**Brief:**
What you give must be the lines from the one containing "Willett研究小組與病人Pat在一起(攝影Steve Fisch)。施普林格·自然 供圖" through the last line of the listing below, exactly, with nothing else and no pictures.
━━━━
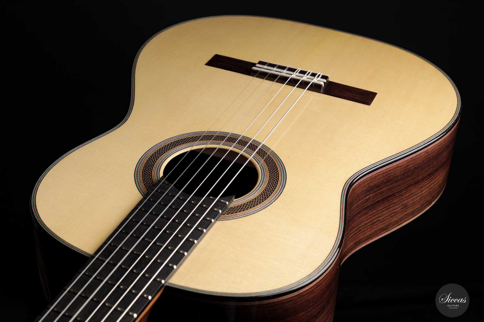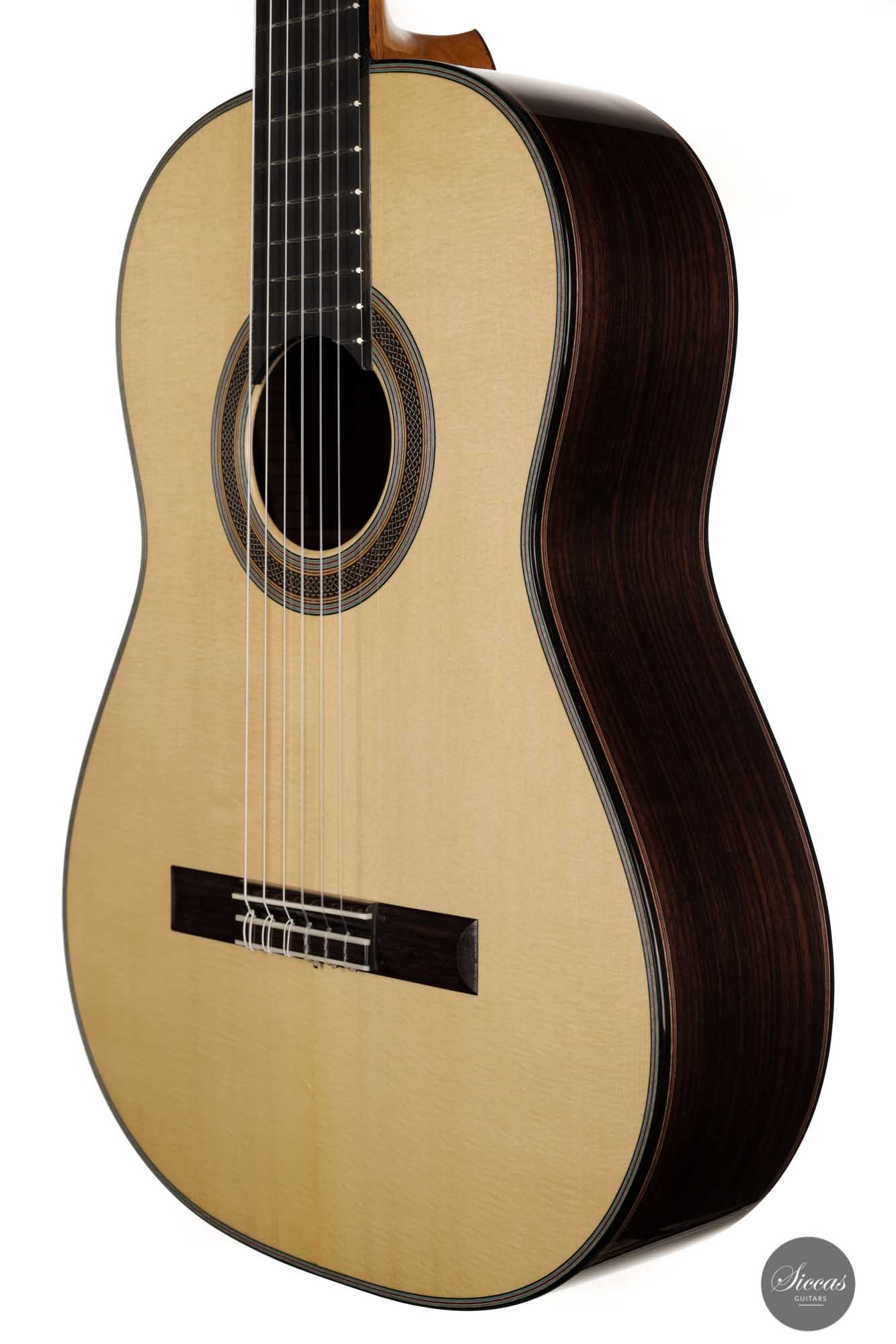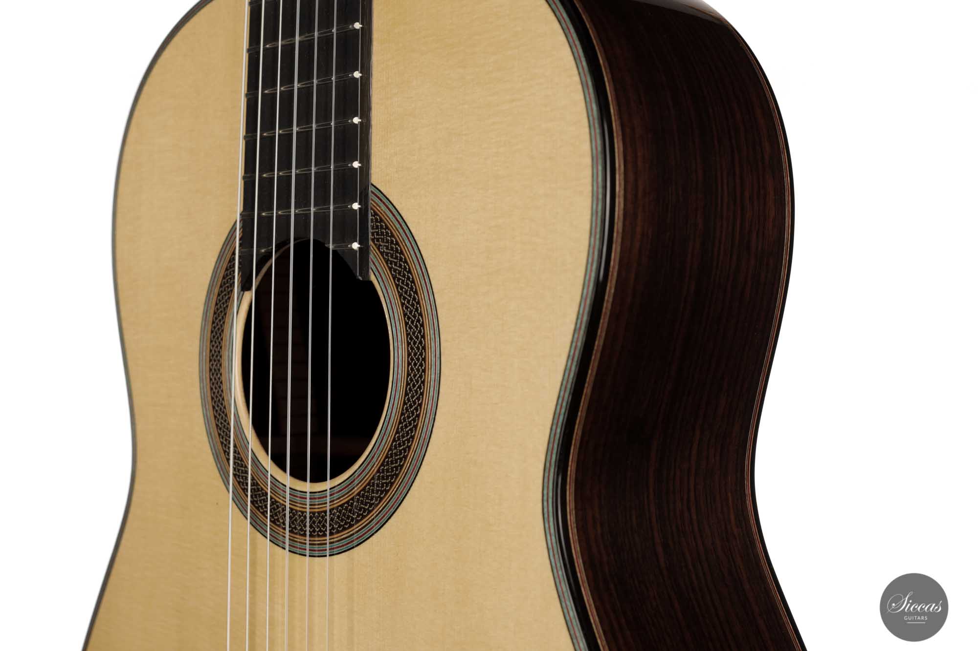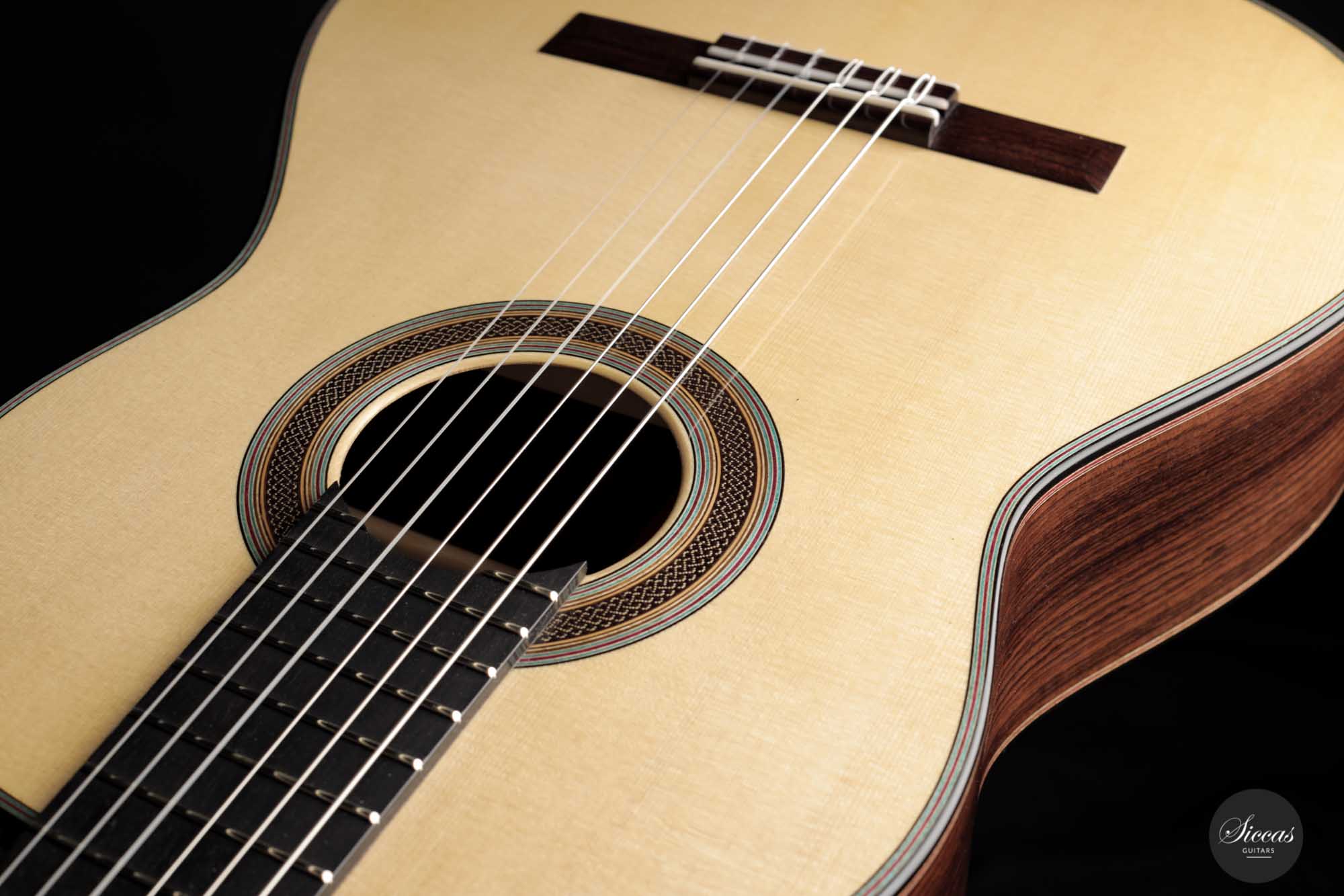 What an incredibly light and resonating guitar! The responsiveness and immediacy of tone are striking, and the maturity of this instrument is remarkable. It shows incredible potential, and if it already develops such a full tone as a brand new instrument, it will be monumental after a year of playing. Everything about this guitar meets high standards: woods, marquetry, tuners, french polish, sound, and playability. It is definitely a great guitar, especially in this price range.
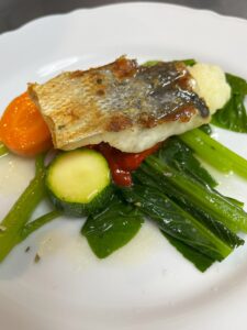 シンプルにグリルした魚に、旬の野菜を蒸して添えました。
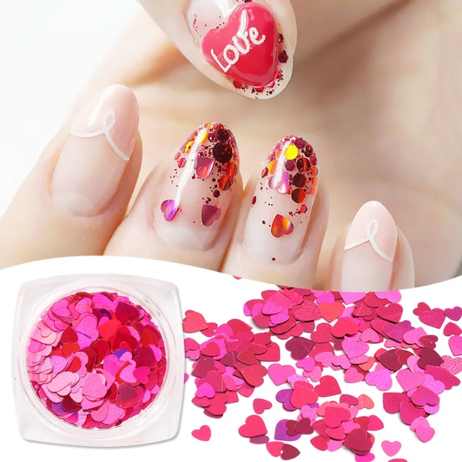 Смешанные сердца ногтей Блестки Красный Розовый голографический 3D хлопья блестки ломтики Маникюр Стикер украшения для ногтей
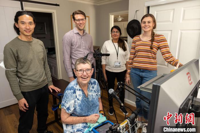 Willett研究小組與病人Pat在一起(攝影Steve Fisch)。施普林格·自然 供圖
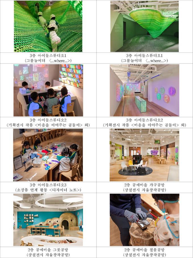이번 개편을 통해 조성된 ▲2층 창작공간《공예마을(Craft Village)》과 ▲3층 감상공간《아이들스튜디오(IDLE Studio)》에서는 9세 이하 어린이를 대상으로 한 체험형 전시, 공예 창작활동, 워크숍이 운영된다. 한 번의 예약으로 어린이박물관 2~3층의 상설·기획전시, 창작활동, 워크숍을 모두 이용할 수 있다.
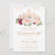Elegante e na moda, flores florais cor-de-rosa pinceladas com borboleta de ouro verde e rosa e moldura tiara Convites de Quinceanera. A escolha perfeita para comemorar o aniversário de 15. Fácil de personalizar o modelo de convites da quinceanera com todos os seus próprios detalhes de eventos.
━━━━
**Reply:**
 Willett研究小組與病人Pat在一起(攝影Steve Fisch)。施普林格·自然 供圖
이번 개편을 통해 조성된 ▲2층 창작공간《공예마을(Craft Village)》과 ▲3층 감상공간《아이들스튜디오(IDLE Studio)》에서는 9세 이하 어린이를 대상으로 한 체험형 전시, 공예 창작활동, 워크숍이 운영된다. 한 번의 예약으로 어린이박물관 2~3층의 상설·기획전시, 창작활동, 워크숍을 모두 이용할 수 있다.
Elegante e na moda, flores florais cor-de-rosa pinceladas com borboleta de ouro verde e rosa e moldura tiara Convites de Quinceanera. A escolha perfeita para comemorar o aniversário de 15. Fácil de personalizar o modelo de convites da quinceanera com todos os seus próprios detalhes de eventos.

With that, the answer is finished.